The Commonwealth Meteorologist, Mr. H. A. Hunt, issued a press statement which noted that “the atmospheric disturbance on Saturday was something in the nature of a tornado. …The disturbance, it was thought, was the a marked intensification of an ordinary Antarctic storm, with the thunder accompaniments and squalls……. The velocity must have been terrific – stronger than ever I have experienced in Victoria or NSW…”.6

A detailed report in “The Argus” on Monday 4th, included a map that depicted two main funnels, and described their movement.

“The starting points are given as Brighton Beach and Wellington Street, joining at Halifax Street, then swinging away to the north-east, so that Landcox and Ormond, to the north, and Jasper road, to the east are shown”.

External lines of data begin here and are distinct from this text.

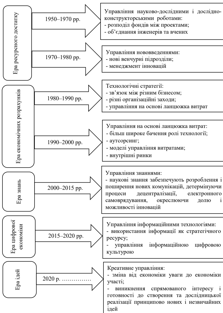
Рис. 1. Виокремлення та реалізація етапів управління інноваційним розвитком на рівні підприємства

Оскільки інновації є унікальним ресурсом підприємства, то керівництву підприємства необхідно звернути увагу на систему управління інноваційним розвитком підприємства. Інноваційний розвиток підприємства повинен бути взаємопов'язаний з інтелектуалізацією діяльності, використовуючи всі наукові знання та їх трансформацію в інноваційні наукові технології і технологічні рішення.
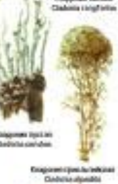
Лишайник обыкновенный Cladonia ciliata
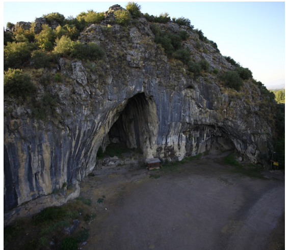
fig.9 Girmeler Mağarası/ Höyüğü

This description indicated that there were two funnels moving inland from the Bay that appeared to amalgamate close to the intersection of Centre Road and Halifax Street. This article, plus another written in “The Southern Cross”, on 9th February,  indicated at least seven locations where the damage was notable:

* Brighton Beach Baths
* Corner of Albert and Wellington Streets
* Landcox Park
* Brighton Cemetery – Adam Lindsay Gordon’s headstone blown over
* “Billilla” - owned by the Weatherly family, 26 Halifax St
* Brighton Beach Railway station
* Methodist Church, 741 Hawthorn Road

These locations, together with later reports of the damage trail indicate a likely path taken by the funnels as shown here:

It was later estimated that the twisters had produced wind gusts of around 320 kph, and on the modern enhanced Fujita scale, this would correspond to a rating of EF4.

George Johnston, in his semi autobiographical book “My Brother Jack”, described the scene from the nearby shoreline

“….from the little jetty we saw the great storm which was to known as the Brighton Cyclone charging towards us across the bay in a whip of white horses  below a tumult of bruised purplish crepuscular cloud. Coming across the sea, the cloud would tear off in downward strips that would begin to gyrate madly, and scoop the harbour waters high in the air”. 8

A tornado relief fund was instituted soon after and was administered by the Mayor of Brighton, Lieutenant-Colonel J.J. Hanby. Donations were acknowledged publicly with the donors names printed in daily newspapers.